The evidence-based standards focus on care for people with diabetes and prediabetes and detail strategies for the prevention or delay of type 2 diabetes and its associated comorbidities. 

Notable changes include:

  • An emphasis on supporting higher weight loss (up to 15%) based on the efficacy of and access to newer medications when appropriate;
  • New hypertension diagnosis cut-offs (hypertension is now defined as a systolic blood pressure ≥130 mmHg or a diastolic blood pressure ≥80 mmHg);
  • The expanded role of SGLT2 inhibitor use in preserved and reduced heart failure ejection fraction;
  • The role of finerenone in individuals with diabetes and chronic kidney disease with albuminuria; and 
  • New lipid management recommendations suggesting lower LDL goals for high-risk individuals

Also new this year, subject matter specialists were called on to bolster guidance on neuropathy, retinopathy, foot care and non-alcoholic fatty liver disease.

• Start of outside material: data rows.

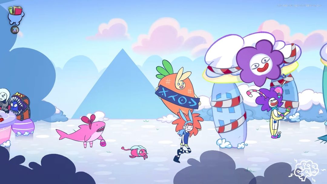 本作の奇抜さは演出にも活かされている。プロローグでは、母を追いかける場面で一瞬だけ黒い世界が差し込み、空気が急に変わる瞬間がある。アイスクリーム型の家が並ぶ、いかにもファンタジー然とした背景の奥には、いつの間にか荒廃した電柱が立っている。可愛らしい世界に見えて、どこか綻びがある。徐々に、『Apopia』の世界がただ面白おかしい夢ではないことがわかってくる。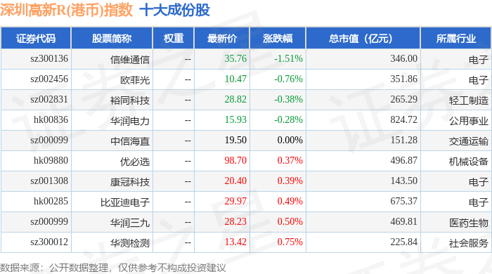深圳高新R(港币)(480039)指数十大成份股详情如下: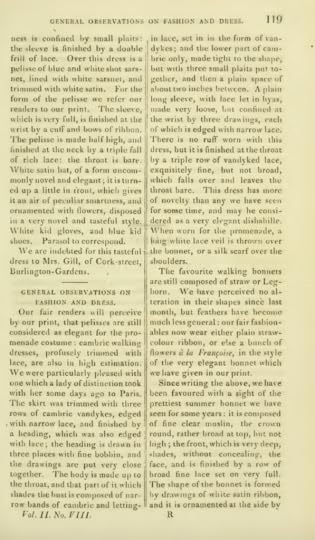 • Morning dresses, with their triple fall of work at the wrist, “have, at a distance, an uncommonly ludicrous effect; the trimming being pointed, and worked in holes, has the appearance, specially when there are so many falls of it, of being actually in rags.” Ah, what the élégantes will wear, all in the name of fashion!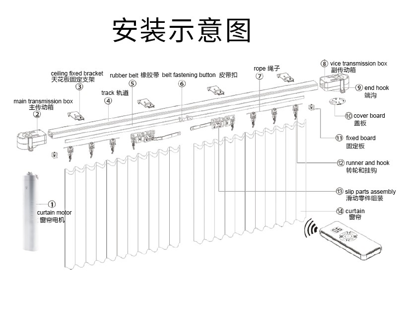 無(wú)線窗簾WIFI語(yǔ)音控制神器涂鴉智能電動(dòng)窗簾伴侶羅馬桿窗簾助力器

In addition, the authors consider how an understanding of the social determinants of health can affect holistic care delivery. 

“This year’s annual report … considers the role health inequities play in the development of diabetes, particularly for vulnerable communities and communities of color disproportionately impacted by the disease,” ADA CEO Chuck Henderson said. “This guidance will ensure healthcare teams, clinicians and researchers treat the whole person.”

“Evidence-based recommendations drive better care for all people with diabetes, including vulnerable communities and those at high risk,” Robert Gabbay, MD, PhD, chief scientific and medical officer for the ADA, added.

Introduction and Methodology: Standards of Care in Diabetes–2023 was published online in the January issue of Diabetes Care.